Stored data entries
★ ★ ★ ★

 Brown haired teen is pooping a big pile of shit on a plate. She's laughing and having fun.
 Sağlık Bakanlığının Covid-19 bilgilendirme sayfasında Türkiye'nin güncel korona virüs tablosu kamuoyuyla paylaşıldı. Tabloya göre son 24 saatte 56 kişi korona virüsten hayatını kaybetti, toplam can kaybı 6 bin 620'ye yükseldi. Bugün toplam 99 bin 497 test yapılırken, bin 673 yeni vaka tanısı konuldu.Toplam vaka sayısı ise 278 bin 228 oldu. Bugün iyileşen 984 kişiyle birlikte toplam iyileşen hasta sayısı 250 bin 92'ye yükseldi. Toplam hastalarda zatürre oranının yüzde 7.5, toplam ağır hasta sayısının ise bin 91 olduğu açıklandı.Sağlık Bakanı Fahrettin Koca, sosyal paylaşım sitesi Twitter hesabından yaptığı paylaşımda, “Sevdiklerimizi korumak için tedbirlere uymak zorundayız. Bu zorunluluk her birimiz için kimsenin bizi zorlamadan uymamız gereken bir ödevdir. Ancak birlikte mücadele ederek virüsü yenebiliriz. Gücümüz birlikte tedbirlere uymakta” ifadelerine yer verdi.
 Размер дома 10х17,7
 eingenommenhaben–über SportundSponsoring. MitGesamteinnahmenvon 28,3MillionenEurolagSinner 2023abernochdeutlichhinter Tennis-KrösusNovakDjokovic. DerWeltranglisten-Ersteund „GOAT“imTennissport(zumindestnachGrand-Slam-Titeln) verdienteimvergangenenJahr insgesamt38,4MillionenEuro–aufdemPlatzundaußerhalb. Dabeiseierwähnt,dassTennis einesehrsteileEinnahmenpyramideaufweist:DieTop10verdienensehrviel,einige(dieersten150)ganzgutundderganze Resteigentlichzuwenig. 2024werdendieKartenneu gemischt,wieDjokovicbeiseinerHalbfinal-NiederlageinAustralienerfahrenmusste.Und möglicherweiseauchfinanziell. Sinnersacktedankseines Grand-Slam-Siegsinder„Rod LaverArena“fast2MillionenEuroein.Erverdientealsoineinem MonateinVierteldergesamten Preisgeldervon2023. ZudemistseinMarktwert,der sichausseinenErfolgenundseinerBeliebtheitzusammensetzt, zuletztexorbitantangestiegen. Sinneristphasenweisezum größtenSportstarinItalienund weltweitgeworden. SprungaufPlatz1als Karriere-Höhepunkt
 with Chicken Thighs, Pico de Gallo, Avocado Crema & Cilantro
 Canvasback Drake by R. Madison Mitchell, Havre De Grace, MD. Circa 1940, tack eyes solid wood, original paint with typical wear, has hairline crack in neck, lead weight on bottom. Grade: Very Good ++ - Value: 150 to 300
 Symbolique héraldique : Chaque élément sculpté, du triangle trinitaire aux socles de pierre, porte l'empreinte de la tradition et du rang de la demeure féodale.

★ ★ ★ ★

What is needed:
Each record above needs to be transcribed word for word.

Solution to the problem:
 Brown haired teen is pooping a big pile of shit on a plate. She's laughing and having fun.
 Sağlık Bakanlığının Covid-19 bilgilendirme sayfasında Türkiye'nin güncel korona virüs tablosu kamuoyuyla paylaşıldı. Tabloya göre son 24 saatte 56 kişi korona virüsten hayatını kaybetti, toplam can kaybı 6 bin 620'ye yükseldi. Bugün toplam 99 bin 497 test yapılırken, bin 673 yeni vaka tanısı konuldu.Toplam vaka sayısı ise 278 bin 228 oldu. Bugün iyileşen 984 kişiyle birlikte toplam iyileşen hasta sayısı 250 bin 92'ye yükseldi. Toplam hastalarda zatürre oranının yüzde 7.5, toplam ağır hasta sayısının ise bin 91 olduğu açıklandı.Sağlık Bakanı Fahrettin Koca, sosyal paylaşım sitesi Twitter hesabından yaptığı paylaşımda, “Sevdiklerimizi korumak için tedbirlere uymak zorundayız. Bu zorunluluk her birimiz için kimsenin bizi zorlamadan uymamız gereken bir ödevdir. Ancak birlikte mücadele ederek virüsü yenebiliriz. Gücümüz birlikte tedbirlere uymakta” ifadelerine yer verdi.
 Размер дома 10х17,7
 eingenommenhaben–über SportundSponsoring. MitGesamteinnahmenvon 28,3MillionenEurolagSinner 2023abernochdeutlichhinter Tennis-KrösusNovakDjokovic. DerWeltranglisten-Ersteund „GOAT“imTennissport(zumindestnachGrand-Slam-Titeln) verdienteimvergangenenJahr insgesamt38,4MillionenEuro–aufdemPlatzundaußerhalb. Dabeiseierwähnt,dassTennis einesehrsteileEinnahmenpyramideaufweist:DieTop10verdienensehrviel,einige(dieersten150)ganzgutundderganze Resteigentlichzuwenig. 2024werdendieKartenneu gemischt,wieDjokovicbeiseinerHalbfinal-NiederlageinAustralienerfahrenmusste.Und möglicherweiseauchfinanziell. Sinnersacktedankseines Grand-Slam-Siegsinder„Rod LaverArena“fast2MillionenEuroein.Erverdientealsoineinem MonateinVierteldergesamten Preisgeldervon2023. ZudemistseinMarktwert,der sichausseinenErfolgenundseinerBeliebtheitzusammensetzt, zuletztexorbitantangestiegen. Sinneristphasenweisezum größtenSportstarinItalienund weltweitgeworden. SprungaufPlatz1als Karriere-Höhepunkt
 with Chicken Thighs, Pico de Gallo, Avocado Crema & Cilantro
 Canvasback Drake by R. Madison Mitchell, Havre De Grace, MD. Circa 1940, tack eyes solid wood, original paint with typical wear, has hairline crack in neck, lead weight on bottom. Grade: Very Good ++ - Value: 150 to 300
 Symbolique héraldique : Chaque élément sculpté, du triangle trinitaire aux socles de pierre, porte l'empreinte de la tradition et du rang de la demeure féodale.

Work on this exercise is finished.